Eighth, if the Shell refinery closes, Quebec will lose 25% of its refining capacity. What is worse, the entire aviation, civil and military fuel supply currently provided by the Montreal East refinery is at stake, not to mention the dependence with respect to importing.
That does not include the fact that any scenario put forward by the company based on the on time, on spec arrival by ship of refined products from abroad is the stuff of science fiction. The last three ships that arrived in Montreal were further proof of that. When ships do not arrive on time, it results in shortages at the pump, such as the one experienced by Quebeckers in June.
We are here because despite the fact that Shell received bids that satisfied the conditions set out in its February 16 document, no agreements were reached, contrary to the commitment to sell the refinery that Shell made to the workers, the community and the government.
Furthermore, even though the document put out by Shell on February 16 outlined the conditions under which it would sell the refinery, the company was not all that committed to selling. That is why the committee received confirmation from Shell on four different occasions, from Mr. Williams, Mr. Oblath, Mr. Rathweg and Mr. Marion, that it was prepared to sell if the conditions outlined in its February 16 document were fulfilled.
That confirmation changed the nature of the contract between Shell and the committee, such that if a buyer was prepared to do business with Shell under its terms, Shell had to sell its refinery to the buyer in question. That is the nature of the commitment undertaken by Shell that parliamentarians must consider today.
When Shell began the process to sell the refinery, it did not open the virtual data room, which brought together the refinery's financial documents and conditions of sale, until October 2009, and Shell closed it two months later in late December 2009. It was a fleeting period that should have opened the door to a serious process.
Despite rumours that certain companies were interested in buying the refinery, on January 7, 2010, Shell publicly announced its plans to convert the refinery to a terminal.
The union could not stand by in the face of such a senseless decision, both from an economic standpoint with respect to the 800 families directly affected and from the standpoint of the country's energy security. Our arguments are well-founded, and we have received considerable support from sincere non-partisan parties, initially from fellow union members but also from the Montreal East community. And I would just like to point out that Montreal East Mayor Robert Coutu is here today and has been steadfast in his support since the very beginning.
A coalition of more than 80 companies and socio-economic leaders was formed, and support has come rolling in from every political party, at the municipal, provincial and federal levels. Montreal's city council moved a unanimous motion, and governments sent letters to Shell in an attempt to delay the closure. And Shell delayed the closure for three months, until June 1. As early as February, we helped form a survival committee, chaired by Michael Fortier. It brought together union, municipal, provincial and federal representatives. As a member of that committee, I noticed that every time we took a step forward, Shell would raise the bar higher; I felt as though I had been invited to a silly dinner game.

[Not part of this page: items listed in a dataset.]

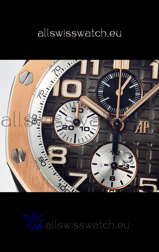 Machinery Layout exactly like Audemars Piguet 3126 Calibre Movement used in Authentic Audemars Piguet Offshore Watches built on Genuine Swiss 7753 Movement architecture with Functional stopwatch feature like the authentic with Seconds hand running at the 12 o clock Sub Dial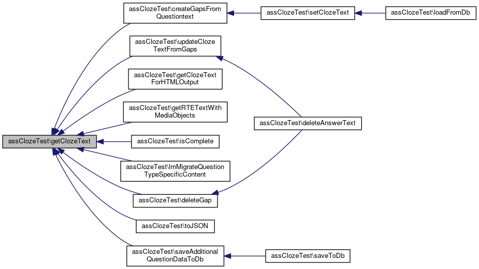 Here is the call graph for this function:| assClozeTest::$cloze_text |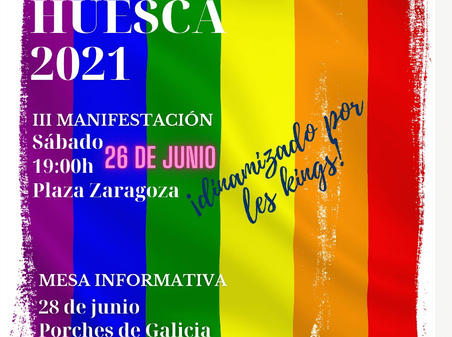 La coordinadora 28J convoca una manifestación el próximo sábado 26 de junio en Huesca con motivo del día del Orgullo. Además, el lunes 28 de junio llevarán a cabo una mesa informativa en los porches de Galicia.

Throughout the committee process, Shell engaged in doublespeak. On one hand, Steve Rathweg and Christian Houle told us that Shell preferred to sell the refinery rather than convert it to a terminal. On the other hand, however, local management at the refinery did everything in its power to dash the legitimate hopes of workers that the refinery would be sold. Just about every day for the past six months, supervisors and managers told workers the same thing: your RE/MAX agents committee will not find a buyer, it is impossible. If Shell could not find one, there were none. Then, when the committee managed to find five buyers, despite the extremely tight deadline, companies that Shell deemed serious and credible, companies it allowed into the data room, the line that management fed employees was that it would not go any further, that when the potential buyers saw the figures, they would not make an offer.
When two companies and practically a third made offers before the June 1 deadline, management told employees to stop operating one of the refinery's most profitable units, lubricating oils, and to stop protecting boiler 13, which had been shut down on May 18. Seventy-two hours after the offers had been made, management sent employees an email indicating that the two offers had been rejected. At that point, the ministers demanded an explanation from Shell regarding the lack of negotiations.

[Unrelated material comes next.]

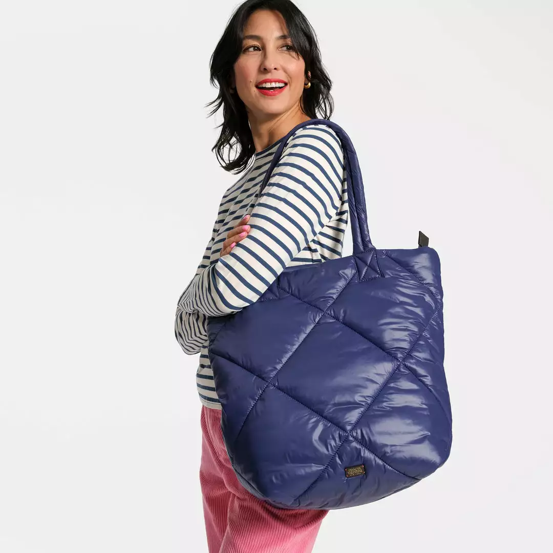 Looking for a lightweight stylish bag that can fit all of your essentials without being bulky? Look no further than our North South Tote in quilted satin nylon. This bag is can be folded or packed up without losing its shape, making it perfect for travel or when you are on the go.

First, reassurance was given that Shell still wanted to sell, and steps were taken to submit a better offer that satisfied the conditions. And despite that, management continued to send out the same message within the refinery—Shell would never sell and the refinery was worth more than $1 billion to it, which was 5 to 7 times the amount it had told the committee. Certain supervisors and managers were so fervent in getting that message out that the union filed a harassment complaint.
Even though the sale process has ended, the doublespeak has not stopped. The local management has changed its tune and is now saying that the terminal will not be profitable, that the land and facilities are not configured for that purpose and that Shell estimates that the terminal will rank in the fourth quartile in terms of results.
It is our opinion that Shell did not really want to sell the refinery, contrary to what its commitments may suggest. Shell gave the Fortier committee a light pat on the back but never believed that the committee would succeed where it had not. What is worse, Shell probably thought that it would make the refinery so unappealing to buyers that no company would want it. When it was faced with a serious buyer, Shell ended up turning down an offer at the higher end of the range it had itself set. And that was no doubt to hide the fact that it had gone to great lengths to stop the progress of the Fortier committee.
Thanks to this parliamentary committee, we can now get to the bottom of the situation.
We still believe that the refinery can and should continue to operate, that our information shows there is still an offer on the table that meets Shell's conditions and that Shell will speed up the process of dismantling equipment. For those reasons, we have obtained an interlocutory, interim injunction from the Superior Court to stop Shell from rendering the refinery equipment unusable. That injunction is valid until September 10.
During that procedure, Shell submitted its terminal conversion plans, in which it indicated that it would remain open to any offer to purchase its Montreal East refining facility throughout the terminal conversion process. Therefore, according to the document Shell submitted to the department, Shell will be prepared to sell the refinery until the terminal conversion process has been completed.
Members of the committee, it may not be too late.
Thank you.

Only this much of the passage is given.